Дмитрий Николаевич смотрел на Машу и впервые за много лет чувствовал, что жизнь еще не угасла в нем. Он не очень понимал логику этого своего чувства. Почему жизнь, так чисто светящаяся в Машиных глазах, говорит ему о своем существовании и в нем самом?

Но это было именно так, и он благодарно склонил голову перед этим чистым сиянием жизни.

Глава 11

– Я всегда чувствовала, как он одинок и несчастлив. И всегда сочувствовала ему, но при этом понимала, что мое сочувствие – слишком слабая сила, чтобы папе могло стать от него легче.

– Зря ты так думаешь, Маша. – Танин силуэт прорисовывался на зимнем оконном фоне резко, остро. – Это была большая помощь для него, я уверена.

– Но ведь ты сама говорила, что он был закрытый человек. И я тоже всегда это знала, видела. Нет, Таня, вряд ли кто-то мог ему помочь. Он жил с невыносимым грузом на сердце. Я думаю, его сильно тревожило то, что положение моей мамы неопределенно. Ведь они так и не записали свой брак в мэрии и тем более не венчались. Теперь я этого, конечно, уже не ощущаю, но в моем детстве все было не так просто. Даже на меня многие смотрели косо, и тем более на мою маму. У нее было сильное чувство судьбы, потому она решилась всем этим пренебречь, но я и до сих пор не знаю, легко ли ей было в глубине ее души. А главное, ведь папа думал, что, возможно, виноват в вашей смерти. Твоей, твоей мамы… И по сравнению со всем этим, мне кажется, собственная жизнь была ему неважна. И ведь он даже не знал, что твоя мама родила Нелли! Жить и не знать, что у тебя есть еще одна дочь от любимой женщины, от жены… Как можно было сделать такое с людьми? – тихо произнесла Мария.

– Да вот так. – Таня повела плечами. Выражение ее лица стало жестким. – Когда я слышу, как они теперь умиляются советской индустриализации, какому-то там былому величию державы, или чему они там еще умиляются – они, потомки тех, кто все это делал, – мне хочется запустить в них во всех чем-нибудь тяжелым и расшибить им башку.

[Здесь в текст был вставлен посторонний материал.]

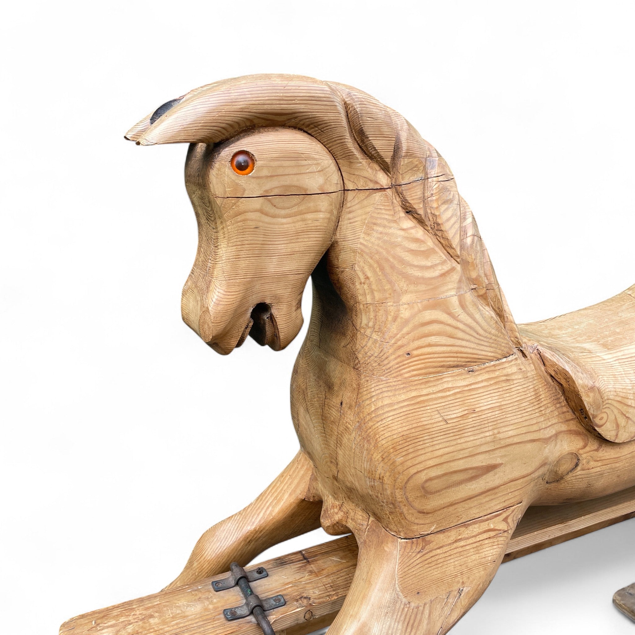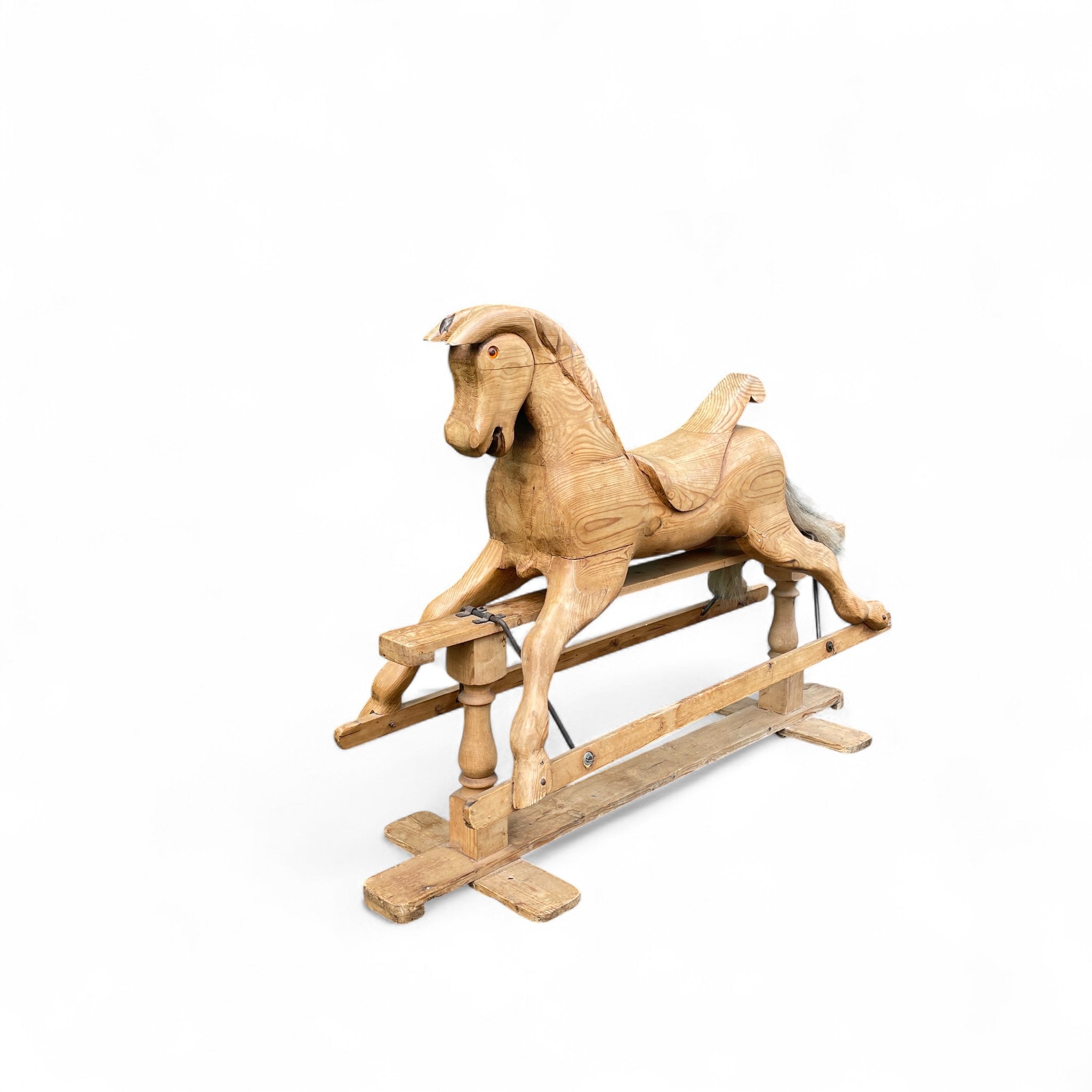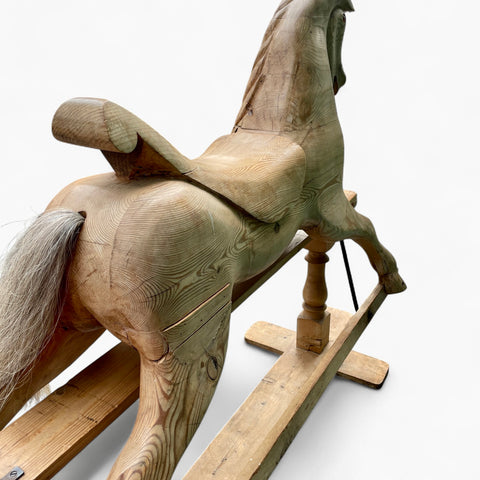 This stylish rocking horse on its stripped wood base is both elegant and fun. With its horsehair tail this magnificent piece is ready to find its new home.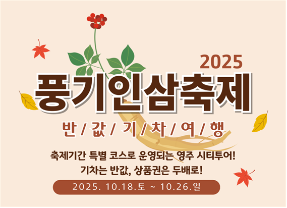 코레일 경북본부는 2025년 영주풍기 인삼축제 기간 중 ‘지역사랑 영주 2025 영주풍기인삼축제 반값 기차여행’ 상품을 판매한다.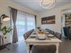 Beim Betreten der Villa öffnet sich im Erdgeschoss ein heller, luftiger Wohnbereich mit offenem Grundriss. Das Wohnzimmer, nahtlos verbunden mit dem Essbereich, bietet viel Platz zum Entspannen und Beisammensein. Angrenzend befindet sich eine voll ausgestattete Küche mit modernen Geräten wie Kühlschrank, Backofen, Mikrowelle und Geschirrspüler – ideal, um mühelos Mahlzeiten zuzubereiten. Ein separater Arbeitsbereich bietet Privatsphäre und Konzentration und ist perfekt für Gäste, die Freizeit mit Arbeit verbinden müssen. Zudem gibt es auf dieser Ebene ein praktisches Gäste-WC.

Хотя я уже старуха и страсти давно должны были бы во мне угаснуть, – усмехнулась она.

– Ты очень страстная старуха! – засмеялась Мария.

Они сидели в гостиной на первом этаже тавельцевского дома. Зима в этом году наступила рано – в последние дни ноября сад за окном уже простирался сплошной снежной равниной, и деревья темнели над ней резкими росчерками.

В доме было тепло, и не столько даже от камина, дрова в котором уже догорали, сколько от русской печи, которая с утра была вытоплена в кухне.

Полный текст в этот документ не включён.